Material supplied ::
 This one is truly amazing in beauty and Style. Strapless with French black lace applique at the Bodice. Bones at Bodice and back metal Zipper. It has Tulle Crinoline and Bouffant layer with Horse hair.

==

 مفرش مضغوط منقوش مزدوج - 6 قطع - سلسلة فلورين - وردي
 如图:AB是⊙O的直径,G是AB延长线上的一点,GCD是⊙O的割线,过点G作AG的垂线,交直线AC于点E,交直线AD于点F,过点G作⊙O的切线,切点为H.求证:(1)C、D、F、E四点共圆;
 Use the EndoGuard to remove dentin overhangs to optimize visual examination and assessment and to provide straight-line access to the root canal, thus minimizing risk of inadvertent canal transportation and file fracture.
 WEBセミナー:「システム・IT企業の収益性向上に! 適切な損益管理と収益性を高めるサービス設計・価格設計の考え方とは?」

* * *

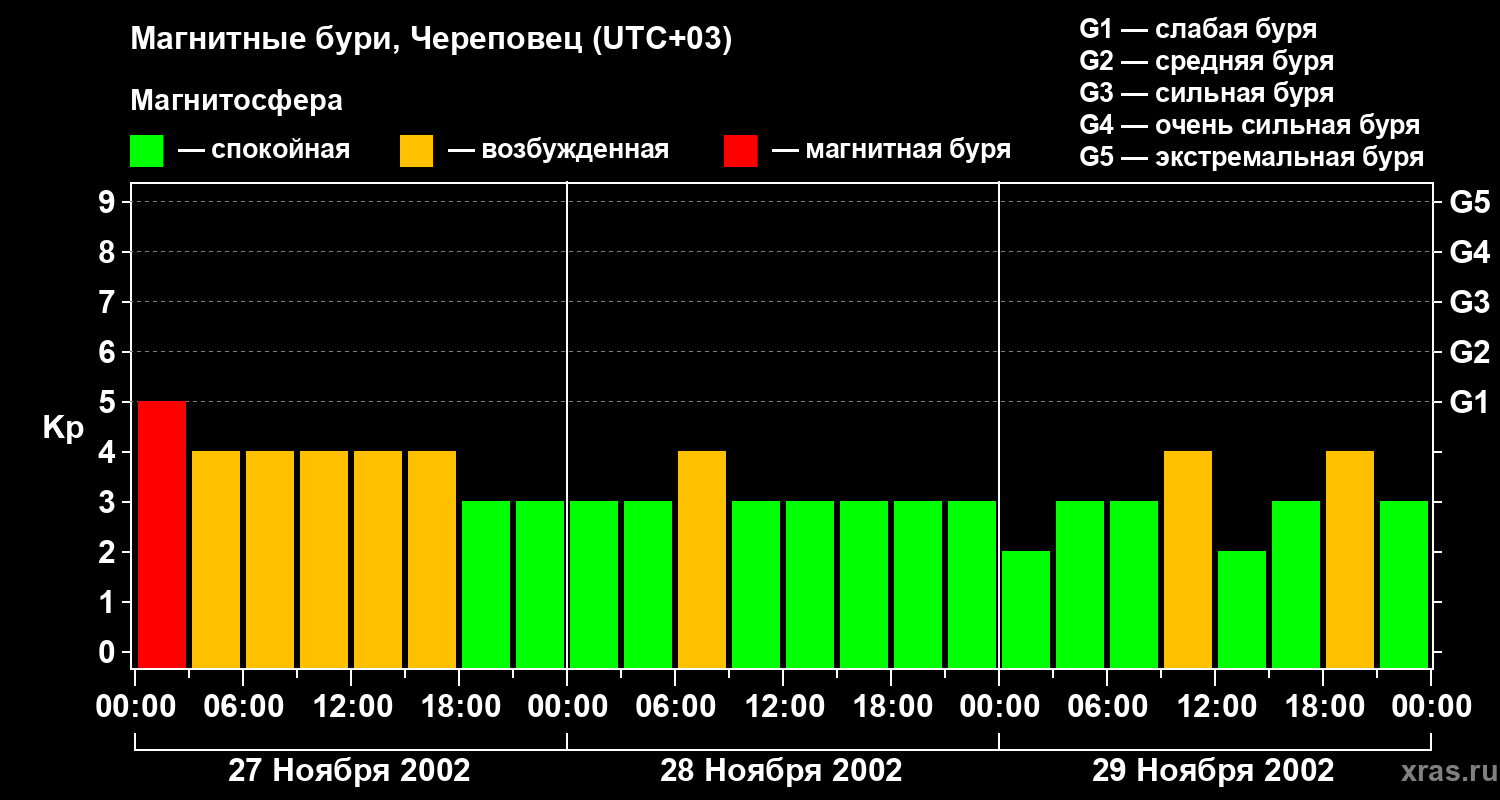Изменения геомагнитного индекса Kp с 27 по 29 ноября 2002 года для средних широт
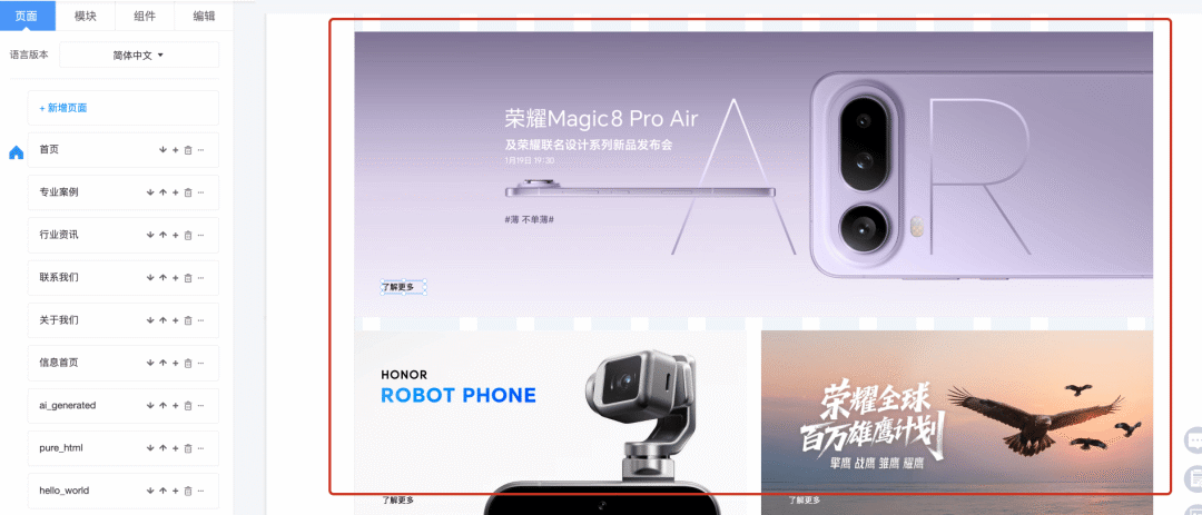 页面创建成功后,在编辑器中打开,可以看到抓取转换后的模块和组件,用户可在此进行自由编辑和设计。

What is needed ::
An exact copy of the lines above, from the one containing "مفرش مضغوط منقوش" down to the one containing "如图:AB是⊙O的直径,G是" and including both, is the whole answer; retype it and nothing else.

Answer for the task ::
 مفرش مضغوط منقوش مزدوج - 6 قطع - سلسلة فلورين - وردي
 如图:AB是⊙O的直径,G是AB延长线上的一点,GCD是⊙O的割线,过点G作AG的垂线,交直线AC于点E,交直线AD于点F,过点G作⊙O的切线,切点为H.求证:(1)C、D、F、E四点共圆;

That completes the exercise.